VictorRBlake 3/17/2015 | 9:50:31 PM
Provider advantage There's definitely a play here in that the resi service provider has the proximity (translated -- latency) advantage over OTT solutions for cloud based services. I think that the trick here is to have a well integrated mix of cable originated cloud services -- for example nDVR, with brand name services that consumers will recognize -- and then package them so that they integrated. Imagine, for example, nDVR + cloud backup of media, integrated with Box, DropBox, Amzn Cloud, or OneDrive, then sharing my home videos, so that they are available on my familes nDVRs ? Pretty cool stuff, and if played correctly its all API magic as the content and APIs can be a mix of external (call it third party) cloud based services + the cable operator's own services. This is afterall the goal of the cloud, seamless integration across various functions.

Alot of the nfv work is focused on internal orchestration which is good and makes sense to tackle first. But the next step is going to be building those third party api gateways. There are some ideas to learn from VAS and prior web services apis, but the scale and complexity here, along with the speed (agility) is much more challenging.
Mitch Wagner 3/17/2015 | 8:07:25 PM
Re: Good move Are cable companies and carriers getting into the home networking business? Perhaps working with partners? I'm sure plenty of consumers would pay to have their ISP also configure Internet access throughout the whole house.
cnwedit 3/17/2015 | 6:16:12 PM
Re: Good move This is also a major pain point for the cable companies - one of the things Jeff pointed out is that more than 50% of the trouble calls for Cox's WiFi service are from customers who've forgotten their WiFi passcodes, and resetting those remotely isn't always a slam dunk. So it winds up costing a lot of money for something simple that is totally out of the cable company's control.

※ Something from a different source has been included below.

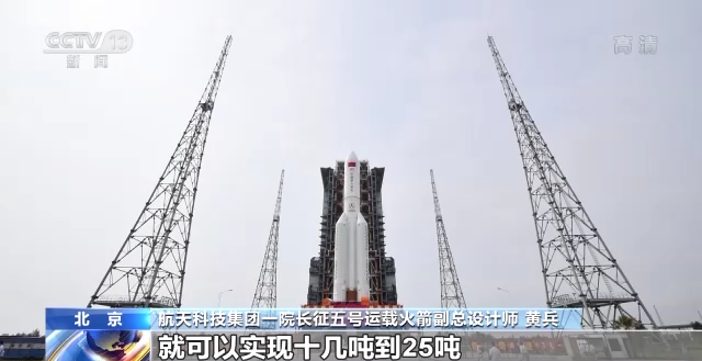 航天科技集团一院长征五号运载火箭副总设计师 黄兵:现在的长五火箭经过模块化的设计,实现了6个构型的覆盖,使得它从近地轨道的发射能力,就可以实现十几吨到25吨,从GTO(高轨道)的发射能力,从7吨到14吨,它自身就可以成为一个体系。
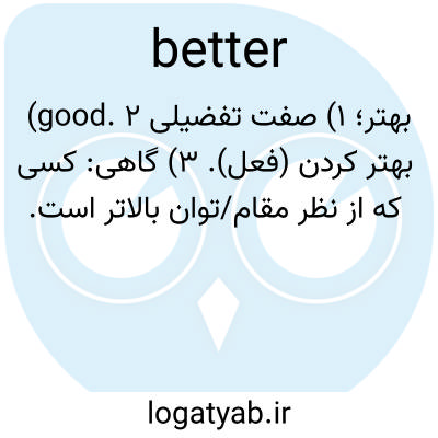 بهتر؛ ۱) صفت تفضیلی good. ۲) بهتر کردن (فعل). ۳) گاهی: کسی که از نظر مقام/توان بالاتر است.

Mitch Wagner 3/17/2015 | 4:18:43 PM
Good move Back in the good old days of the 90s, customers had zero or one Internet-connected device -- their computer. Now, homes have a half-dozen devices at least, requiring their own IT departments (comprising Mom, Dad, or a smart teenager). That IT/network administration frequently gets sloughed off on the consumer Internet service provider. So Cox's move here makes sense -- it reduces cost and increases customer satisfaction.